Abbreviations: BSID-III, Bayley Scales of Infant and Toddler Development, 3rd Edition; CI, confidence interval; GH, gestational hypertension; N, number; PE, preeclampsia; SGA, small for gestational age. N = 301 for all models. *A p-value of 0.016 was considered statistically significant (Bonferroni correction).

Table 6 details a binary logistic regression model (same factors adjusted as for the 2-year ASQ-3) exploring the association between PE exposure compared to NTP exposure with the presence of developmental delay at 2-years, as assessed by the BSID-III. PE exposure was not associated with the presence of developmental delay in any domain at 2 years. No regression analysis was performed for the GH exposure group as no infants had scores indicative of developmental delay at 2 years in BSID-III domains (Table 3).

Table 6.

Binary logistic regression: adjusted model of the associations between preeclampsia compared to normotensive pregnancy exposure versus presence of developmental delay (BSID-III)

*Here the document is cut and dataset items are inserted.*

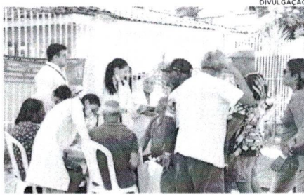
Ação social do MPMA garantiu atendimento a população em situação de rua

O Ministério Público do Maranhão, por meio da Promotoria de Justiça Distrital da Cidadania do Centro, realizou, na manhã dessa segunda-feira (19), uma mobilização para atendimento da população em situação de rua, na Praça da Sé, em São Luís. O objetivo da iniciativa foi destacar os direitos dessa população, oferecer serviços e promover discussões para expandir a implementação de políticas públicas eficazes para pessoas em situação de rua. Na ocasião, estavam sendo disponibilizados serviços como exame de sangue, aferição de pressão arterial, além de cadastro para a obtenção de
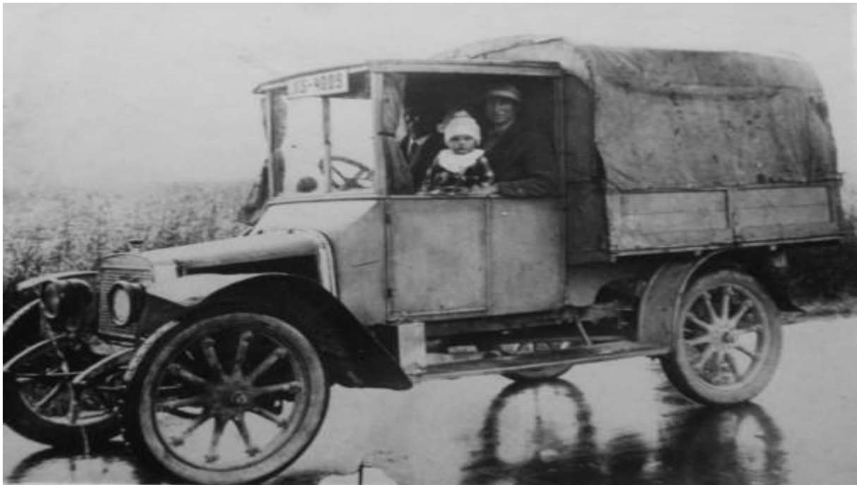
Slika 1. Prijevozno sredstvo iz 1929.godine 6

Primjer cestovnog prijevoznog sredstva na početku 20. stoljeća prikazan je slikom 1.
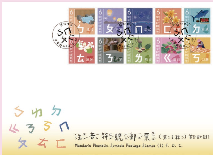
• 預銷首日戳套票封
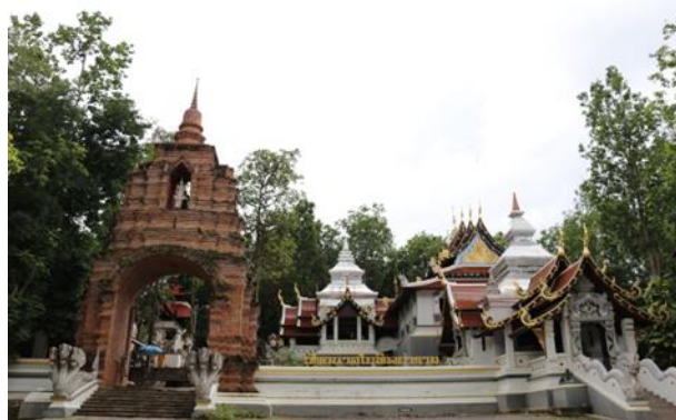
วัดอนาลโยทิพยาราม (ดอยบุษราคัม)
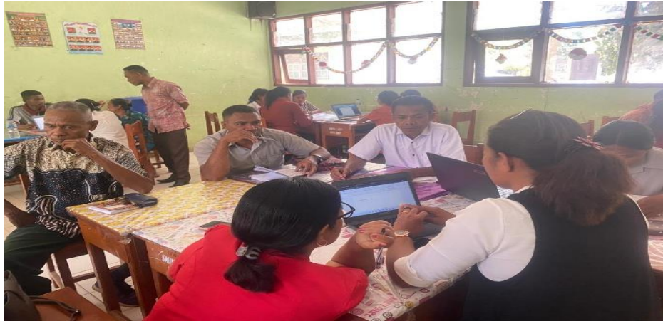
Gambar 3. Kelompok 1 merancang modul ajar inovatif dengan pendekatan deep learning

pedagogik guru dalam merancang pembelajaran aktif sesuai implementasi Kurikulum Merdeka.
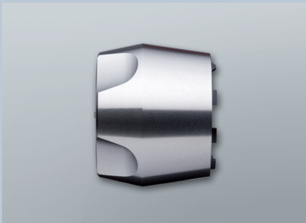
Knauf für schwergängige Türen (Z4.KNAUF7)
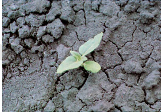
Şekil 1. Ayçiçeği V-2 (2-4 yapraklı dönem) gelişme dönemi

Denemesi yapılan bitki gelişim düzenleyicisinin tohum uygulamalarında çıkışın değerlendirilmesi parseldeki bitki sayısına göre ayçiçeğinin Şekil 1' de verilen 2-4 yapraklı döneminde (V-2 dönemi) yapılır. Denemede bu talimatta belirtilen ekim sıklığına göre olması gereken bitki sayısına, parselde sayılan bitki sayısı oranlanarak çıkış oranı belirlenir.
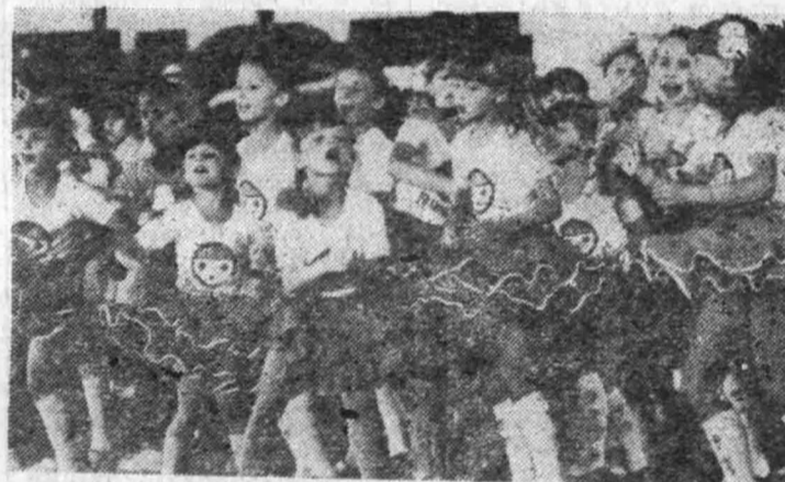
Tak tańczyły „Pędziwiasty” z Łodzi.

Abbreviations: BSID-III, Bayley Scales of Infant and Toddler Development, 3rd Edition; CI, confidence interval; Exp(B), Exponent beta; N, number; PE, preeclampsia; SGA, small for gestational age. N = 301 for all models. *A p-value of 0.016 was considered statistically significant (Bonferroni correction).

Discussion

In our population of 369 infants, PE-exposed infants were more likely to be born preterm, SGA, be admitted to a NICU or SCN, and breastfed for a shorter duration than infants born after NTP. After adjustment for confounders including SGA and prematurity status, we demonstrated no significant associations of PE or GH exposure with impaired or delayed psychomotor neurodevelopment at 6 months or 2 years. GH was only associated with a slightly increased risk of failing the problem-solving domain of the ASQ-3 screening tool at 2 years before corrections for multiple comparisons. However, this did not correlate to statistically significant differences in BSID-III scaled scores or the proportion of infants with developmental delay in problem-solving or other neurodevelopmental domains. Further, the small sample size of the GH group and the marginal significance of the non-corrected finding indicates a need to interpret this finding with caution.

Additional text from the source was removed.